Listed entries:

[Start of section]

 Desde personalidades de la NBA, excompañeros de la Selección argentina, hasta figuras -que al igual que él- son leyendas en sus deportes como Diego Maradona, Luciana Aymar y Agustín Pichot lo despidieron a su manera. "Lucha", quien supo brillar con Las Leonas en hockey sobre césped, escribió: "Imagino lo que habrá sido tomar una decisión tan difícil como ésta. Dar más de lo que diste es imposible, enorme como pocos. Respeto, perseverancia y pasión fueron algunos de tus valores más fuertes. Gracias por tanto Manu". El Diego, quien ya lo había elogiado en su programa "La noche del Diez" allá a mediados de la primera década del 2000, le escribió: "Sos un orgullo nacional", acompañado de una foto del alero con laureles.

[End of section]
[Start of section]

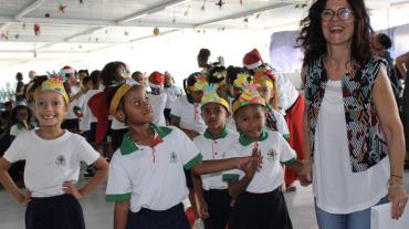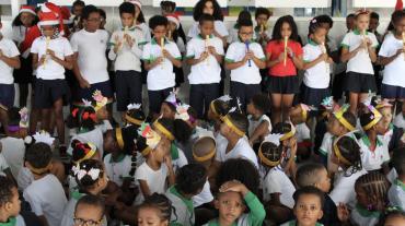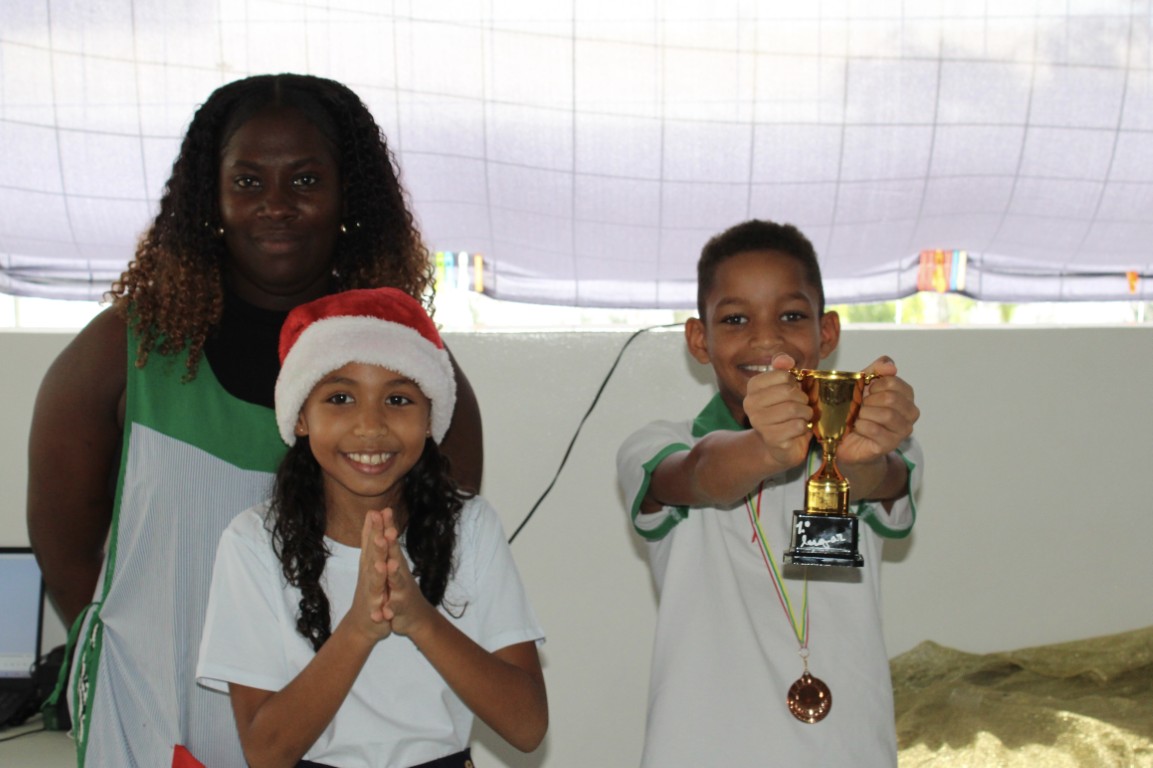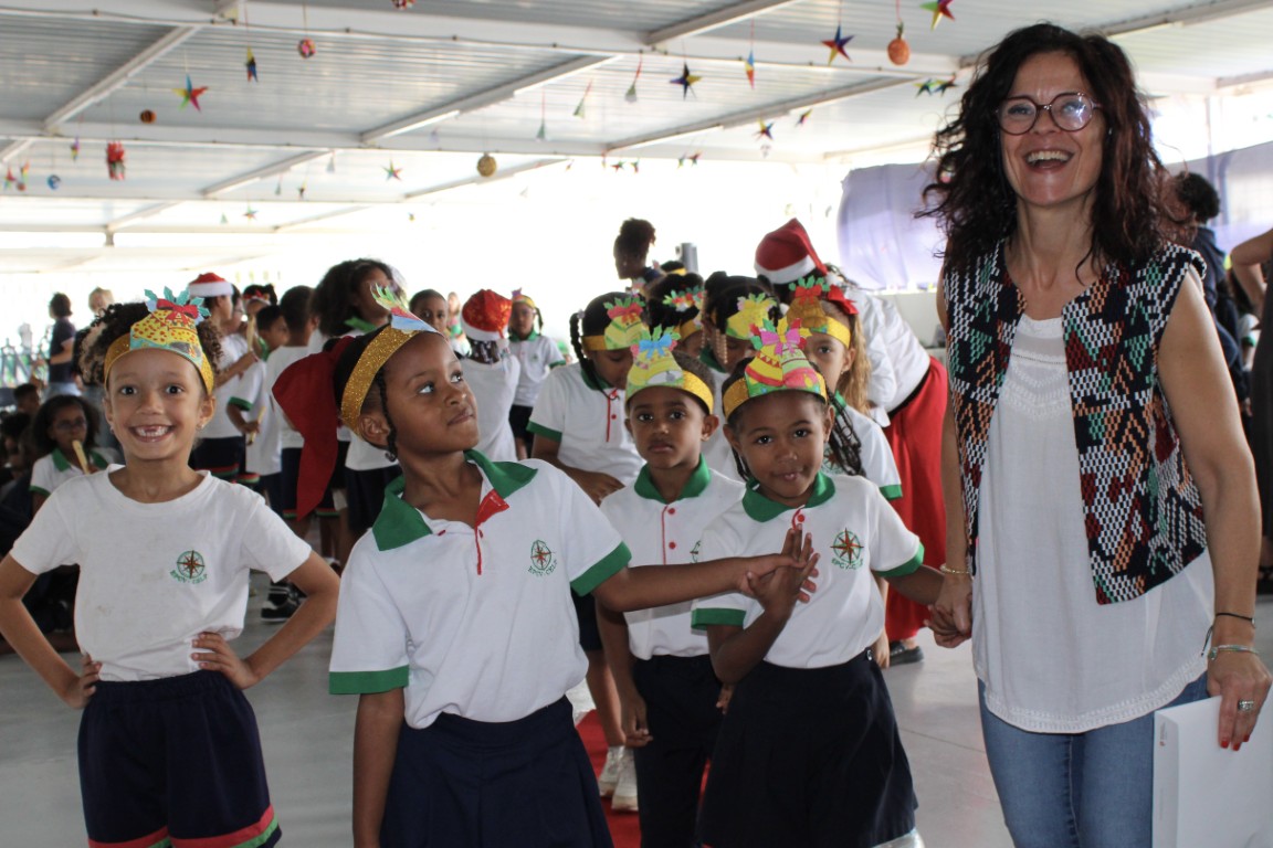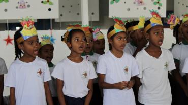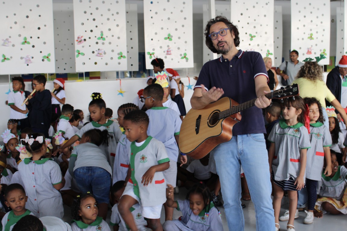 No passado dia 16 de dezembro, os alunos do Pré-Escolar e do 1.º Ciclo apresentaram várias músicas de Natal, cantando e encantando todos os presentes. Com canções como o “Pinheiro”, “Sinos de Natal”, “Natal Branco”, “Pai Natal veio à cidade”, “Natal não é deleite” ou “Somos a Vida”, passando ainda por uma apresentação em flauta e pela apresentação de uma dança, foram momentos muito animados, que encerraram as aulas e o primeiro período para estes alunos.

[End of section]
[Start of section]

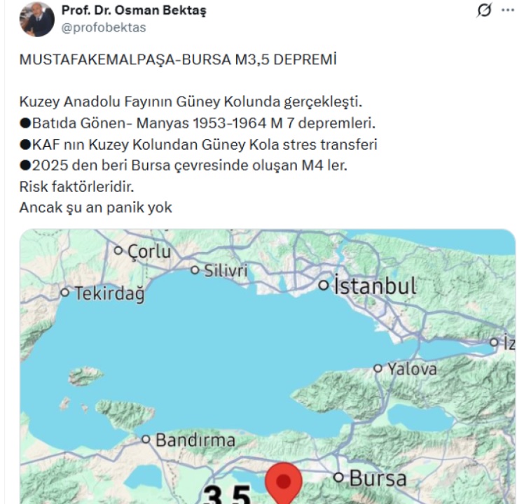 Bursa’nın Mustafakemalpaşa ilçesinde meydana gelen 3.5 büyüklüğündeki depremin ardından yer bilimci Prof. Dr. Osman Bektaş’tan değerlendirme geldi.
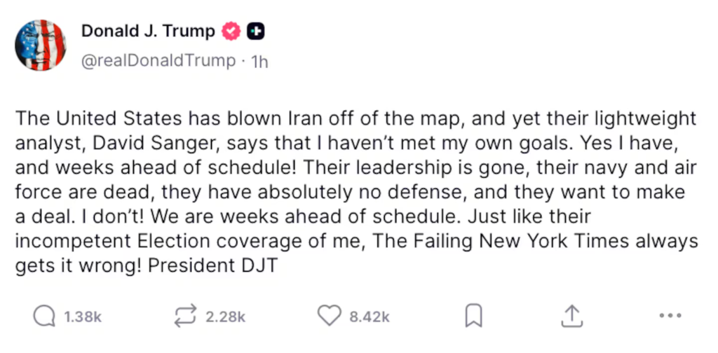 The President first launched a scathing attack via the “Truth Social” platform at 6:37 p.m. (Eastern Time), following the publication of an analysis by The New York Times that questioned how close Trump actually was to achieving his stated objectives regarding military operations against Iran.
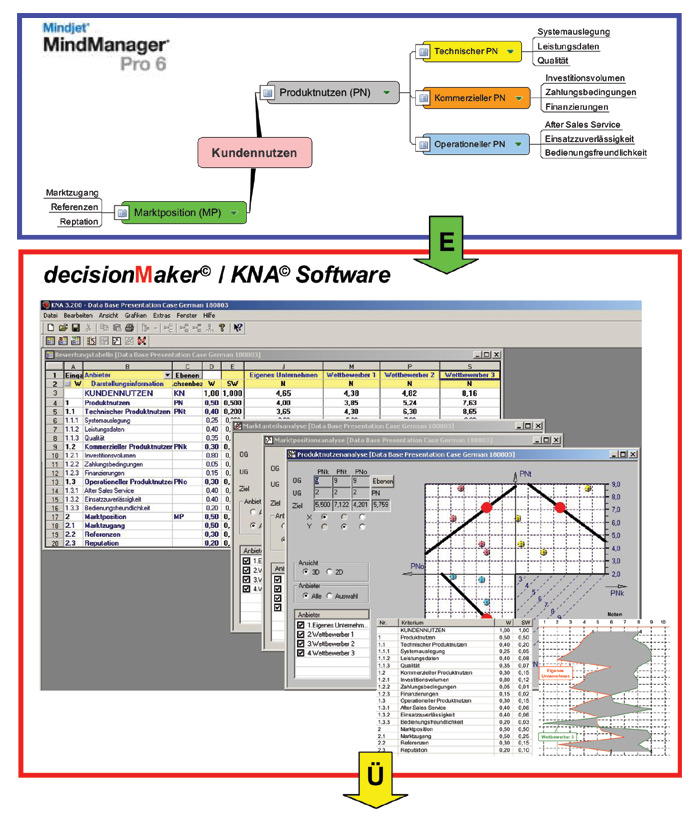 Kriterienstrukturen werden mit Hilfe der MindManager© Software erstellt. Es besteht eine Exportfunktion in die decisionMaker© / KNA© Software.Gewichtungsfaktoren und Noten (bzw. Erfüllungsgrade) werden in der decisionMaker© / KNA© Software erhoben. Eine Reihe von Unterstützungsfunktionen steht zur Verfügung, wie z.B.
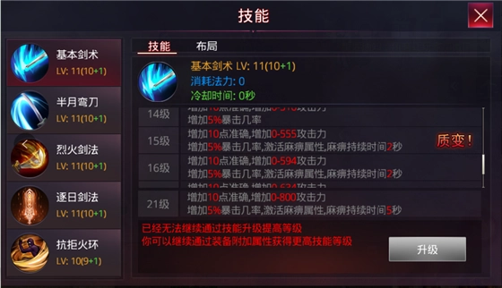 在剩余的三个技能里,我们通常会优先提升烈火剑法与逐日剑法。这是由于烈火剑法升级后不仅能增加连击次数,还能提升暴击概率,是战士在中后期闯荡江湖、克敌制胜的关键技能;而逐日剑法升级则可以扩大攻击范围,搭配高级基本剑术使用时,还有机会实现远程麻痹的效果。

[End of section]

About this exercise: Among the lines above, the one with "Kriterienstrukturen werden mit" opens the part to repeat and the one with "在剩余的三个技能里,我们通常" closes it; repeat only that part exactly, with no pictures.

Result below:
 Kriterienstrukturen werden mit Hilfe der MindManager© Software erstellt. Es besteht eine Exportfunktion in die decisionMaker© / KNA© Software.Gewichtungsfaktoren und Noten (bzw. Erfüllungsgrade) werden in der decisionMaker© / KNA© Software erhoben. Eine Reihe von Unterstützungsfunktionen steht zur Verfügung, wie z.B.
 在剩余的三个技能里,我们通常会优先提升烈火剑法与逐日剑法。这是由于烈火剑法升级后不仅能增加连击次数,还能提升暴击概率,是战士在中后期闯荡江湖、克敌制胜的关键技能;而逐日剑法升级则可以扩大攻击范围,搭配高级基本剑术使用时,还有机会实现远程麻痹的效果。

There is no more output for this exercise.